When an adult or a couple adopts a child out of foster care in the state of Florida—which by definition means the couple is adopting a "special needs" child, a hard-to-place child, a child that wound up in the foster care due to abuse and neglect and, consequently, a child that is likely to have attachment issues and other disabilities—the state provides certain benefits for the child after placement. Most significantly health insurance, which may otherwise be very hard to obtain, along with college tuition credits and some other benefits. This helps make foster children easier to place and recognizes certain economic realities: by taking responsibility for a special-needs child, the adoptive parent isn't just doing something for a child—doing something profoundly loving for a child—but also doing a service to the state of Florida, i.e. alleviating the state of most of the expense of providing for the needs of a special-needs foster child.
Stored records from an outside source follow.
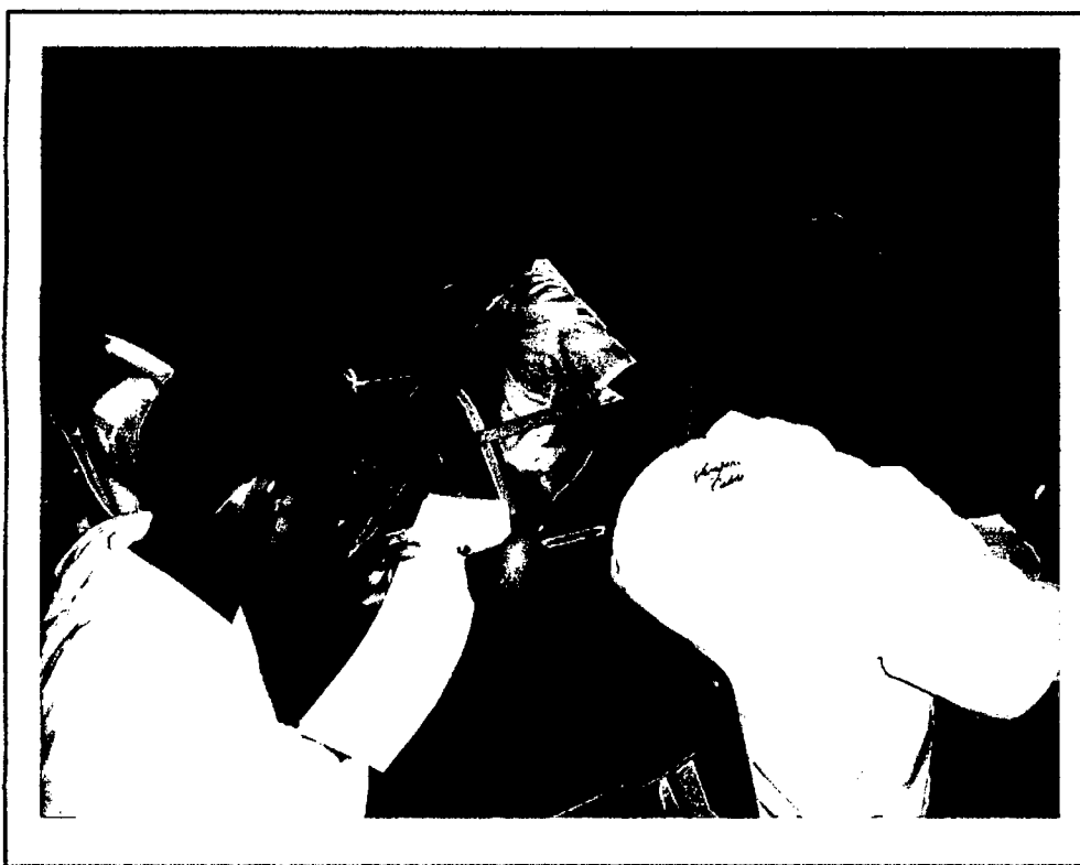
Estudiantes de la Institución Educativa "Cleofe Arévalo del Águila", respondiendo la encuesta de la tesis "Inteligencia Emocional y su relación con el Rendimiento Académico" - 2010
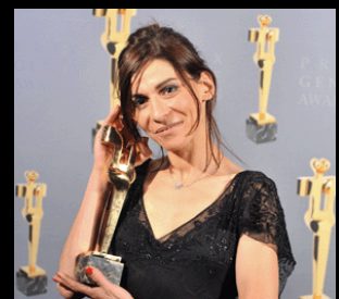
Lubna Azabal, récipiendaire dans la catégorie Interprétation féminine dans un premier rôle
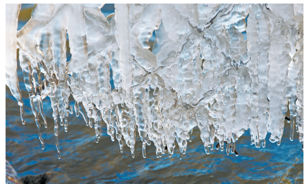
12月1日,天津市蓟州区于桥水库水岸的树木和水草挂上了冰凌。
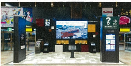
ヨリ未知ポータル大型モニター

So... Florida... adoption... regular readers of Slog probably know where this is headed. Wayne Smith, a gay man and a lawyer who lives in Key West and has been with his partner since 1988, was approved by the state to serve as a foster parent. Gay adoptions are illegal in Florida because the state believes that every child deserves a mother and a father... but since there aren't enough mothers and fathers out there who want to adopt... or serve as foster parents... the state allows gay men and lesbians to serve as foster parents but forbids them to adopt, thereby denying the foster children placed with gay couples the stability and security of a permanent home.
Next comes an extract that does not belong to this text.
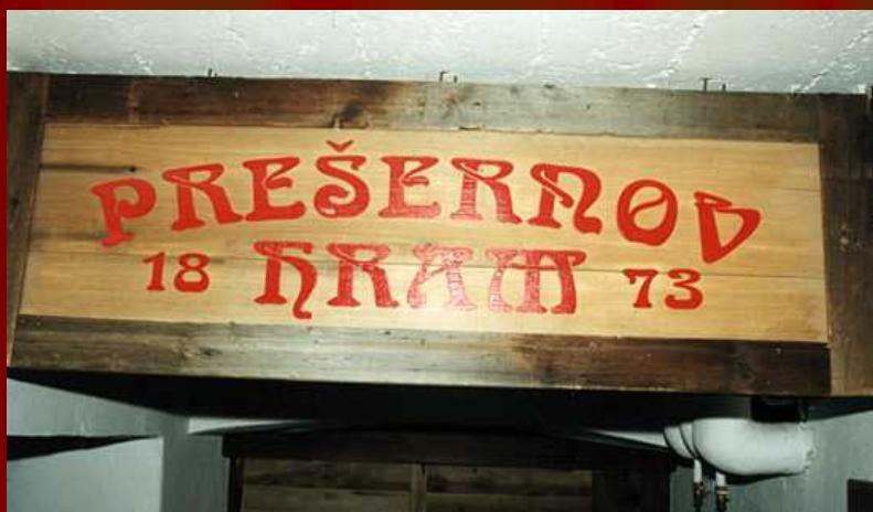
Obnovljena lesena napisna plošča nad vhodom v kletni prostor v današnji gostilni Kunstelj.
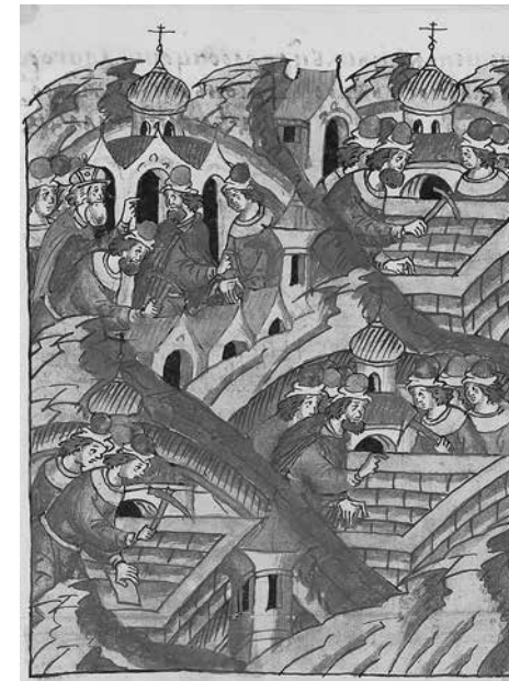
2. Заложены быша церкви каменны делати на Москве. Фрагмент миниатюры из Шумиловского тома Лицевого летописного свода. XVI в. Российская национальная библиотека, Санкт-Петербург, ОР F.IV.232. Л. 736

Эти два сообщения из разнородных источников оказались в историографии строительства в монастыре переплетенными друг с другом. На интерпретацию и их соотношение значительно повлияла запись в монастырских синодиках 1705 и 1710 годов [45; 49], датирующая обрушение собора во время строительства 1525 годом. В синодике 1705 года, исследованным и изданным в 1985 году В. Б. Павловым-Сильванским, указано поминовение: «В лето 7033-го году избивенных с храму, как строили соборную каменную церковь во святей обители сей, каменщиков 57 человек. Помяни господи: Нестора, Иоанна... Фомы» [45, с. 255–256 (Л. 58 об.)]. В поминании записано 54 человека, из них две женщины. Такая же запись существует и в Синодике редакции 1710 года.

The state of Florida placed a five-year-old boy in Wayne Smith's home in 2001. The boy had "learning disabilities and other special needs," and Smith and has partner have been, according to social workers, exemplary parents. Smith sued to adopt the boy—now a teenager—and a judge approved the adoption and declared the state's ban on adoptions by gay people to be unconstitutional. The state allowed the adoption to be processed but then—citing technicalities—moved to deny Smith's son the benefits the state provides to all other children who have been adopted out of foster care. Smith had been declared the child's permanent guardian back 2006—something the state wanted because it helped the state meet federal guidelines for moving children from foster care to permanent placements—so the child wasn't actually in the foster care system when he was adopted, Florida insisted, and therefore Smith's son wasn't entitled to the same benefits as all other children adopted out of foster care. But Smith would have adopted his son if the state had allowed him to. His "permanent guardianship" was an adoption-in-everything-but-name that the state of Florida consented to because it allowed the state to reap the rewards—federal subsidies—for permanently placing the boy with Smith without having to actually allow Smith to adopt the boy.
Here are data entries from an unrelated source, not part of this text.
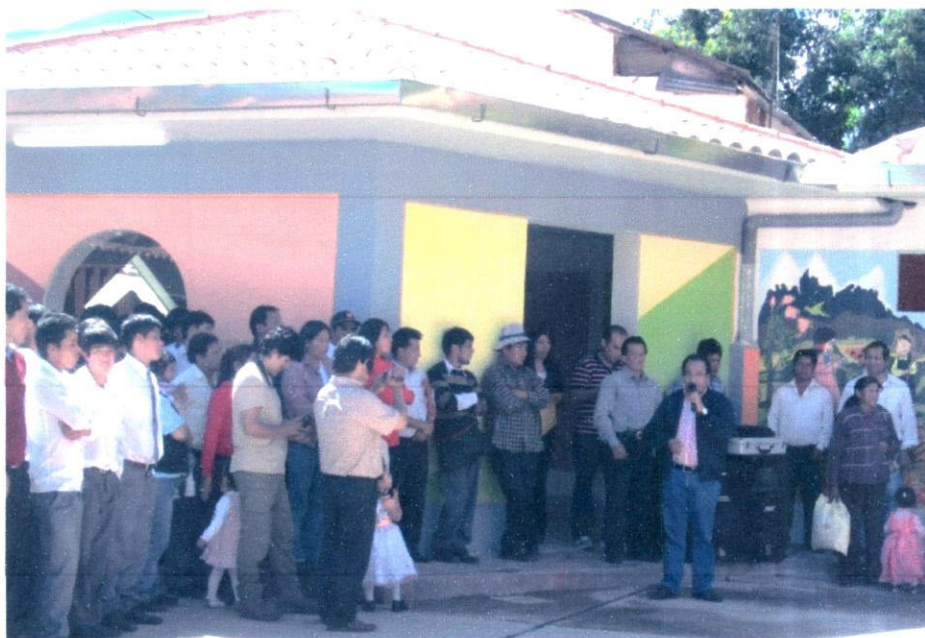
Imagen N° 10: En la ceremonia, también me dirigí a la población para darles mi agradecimiento por la invitación y fortalecer el compromiso del Gobierno.
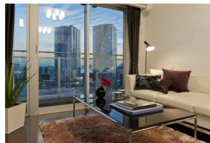
夜景がきれいな部屋
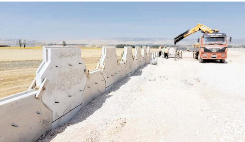
Yolda çalışmalar devam ediyor.
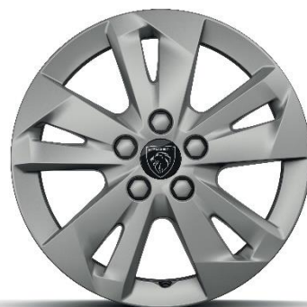
Cerchi in lega di alluminio da 16''
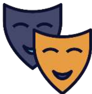
Figura 20. Elaborado por el autor

Moreno (2004) escribe sobre el humor en las aulas, como poder generar un mejor ambiente con los estudiantes sin llegar al humor negro, valiéndonos de esa herramienta para mejorar la relación con los estudiantes.
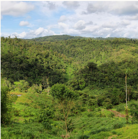
Dschungel in Tena, Ecuador

Durch fast alle Vegetationszonen, vom üppigen Bergnebelwald über den immergrünen Amazonas bis zu den schneebedeckten Vulkanlandschaften der Anden. An paradiesischen Sandstränden die Seele baumeln lassen, auf indigenen Märkten bummeln, durch die Gassen von Städten mit Kolonialflair schlendern. Diese abwechslungsreiche Rundreise zeigt uns die Vielfalt Südamerikas! In Kolumbien genießen wir traumhafte Ausblicke in Bogotá, sind zu Gast bei Kaffeebauern in der „Zona Cafetera“ und bei den Kogies mitten im Dschungel. Wir durchstreifen das Naturparadies des Tayrona Nationalparks und lauschen den heißen Rhythmen der Cumbia-Musik in Cartagena de Indias. In Ecuador schwingen wir beim Salsa-Kurs das Tanzbein und erfahren im Cotopaxi Nationalpark was es bedeutet dem Himmel so nah zu sein. Schließlich starten wir unseren Landeanflug auf die Galápagos Inseln und lassen uns von Darwins Wunderwelten verzaubern!
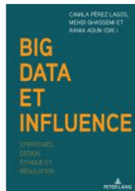
Big Data et influence Ladenpreis: 45,10EUR
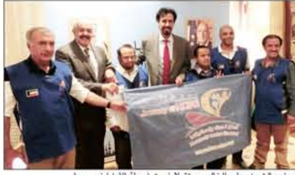
السفير الشيخ علي الخالد مستقبلاً فريق «رحلة الأمل» في روما

رفعت علم الكويت عاليا مبرزا إسهامها الواسع في مواكبة الجهود الدولية بكل أشكال التحديات المشتركة وخاصة ذات البعد الإنساني بفضل الاهتمام والرعاية التي يوليها صاحب السمو الأمير الشيخ صباح الأحمد. وأكد الخالد الذي سيستقبل قارب رحلة الأمل في باليرمو عاصمة جزيرة صقلية الإيطالية مع عمدتها ورئيس الأقليم بعد غمد على إنجازات أصحاب الإعاقات من أبناء الكويت بنفقهم في مجال الرياضة العالمية بما حققوه من جوائز وشهادات رفعت اسم الكويت
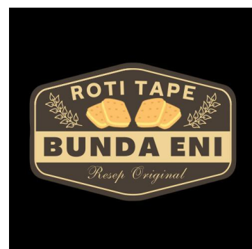
Gambar 2.3 Logo Roti Tape Bunda Eni Yang Baru
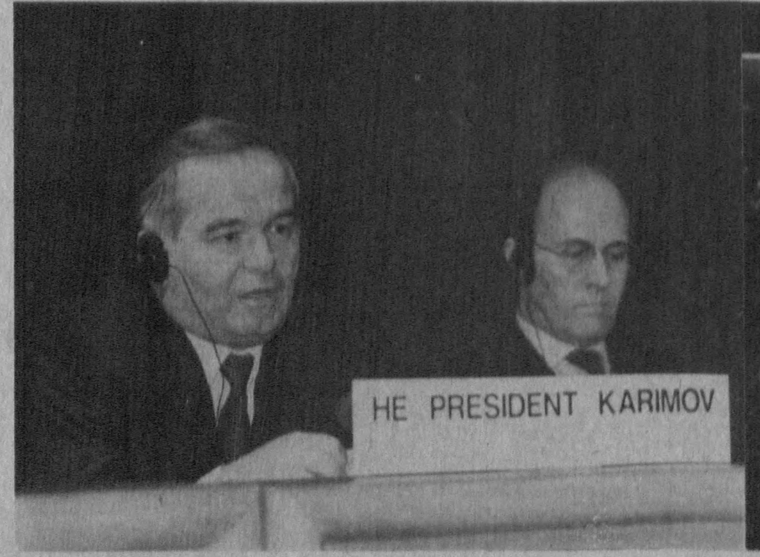
Ислам Каримов Буюк Британия Саноат конфедерациясига Англия ишбилармонлар доираси вакиллари билан учрашув пайтида.

24 ноябрь кунги, айниқса қизғин ва янада самарали воқеаларга бой бўлди. Президент Каримов «Побджой» нул ишлаб чиқариш компаниясини бориб кўрди. Унинг раҳбарлари билан суҳбатлашди. Шундан сўнг «Лонро» компаниясига ишлаб чиқаришни кўздан кечирди,
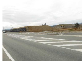
川西町西大塚 地内(長井方向)
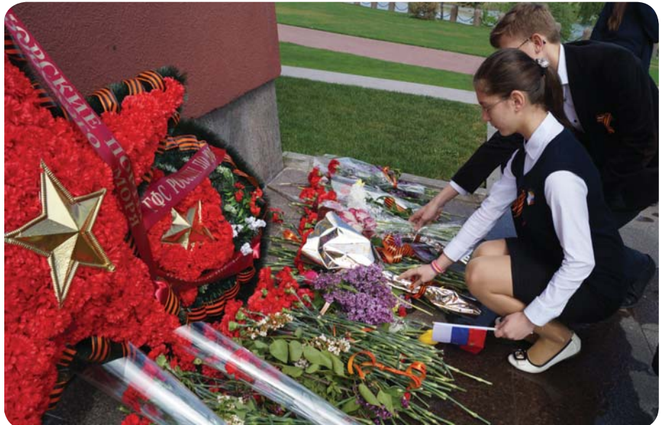
У памятника «Штурм» в Кумженской роще

О начале праздника в 9.00 возвестили звуки фанфар. Стихи, песни военной тематики... Ребята и взрослые изо всех сил старались, общешкольная линейка прошла очень торжественно и трогательно. Прямо с линейки делегация лучших

Because, you see, allowing Smith to adopt the boy would be wrong... because every child deserves a mother and a father....even, presumably, a child that has been "permanently placed" with a gay couple. And after the adoption was mandated by a state judge, the state of Florida had to discriminate against this child—this special-needs, hard-to-place child, that the state placed with a gay man and his partner—to demonstrate its commitment to protecting children... from... um... from health insurance and college tuition?

With Smith gearing up to sue the state—a lawsuit he was likely to win—the state reversed course yesterday and will now provide Smith's son with the same benefits provided to children adopted by straight people and couples.

Florida's embattled ban on adoption by gay people suffered another setback Tuesday, when state child welfare administrators agreed to provide health insurance, college tuition and other benefits to the adopted son of a gay Key West man. For more than a year, the Department of Children & Families had refused to provide the adoption subsidy to the adoptive son of Wayne LaRue Smith, a Key West lawyer whose request to adopt a boy he was raising in foster care was approved by a Monroe County judge in the fall of 2008.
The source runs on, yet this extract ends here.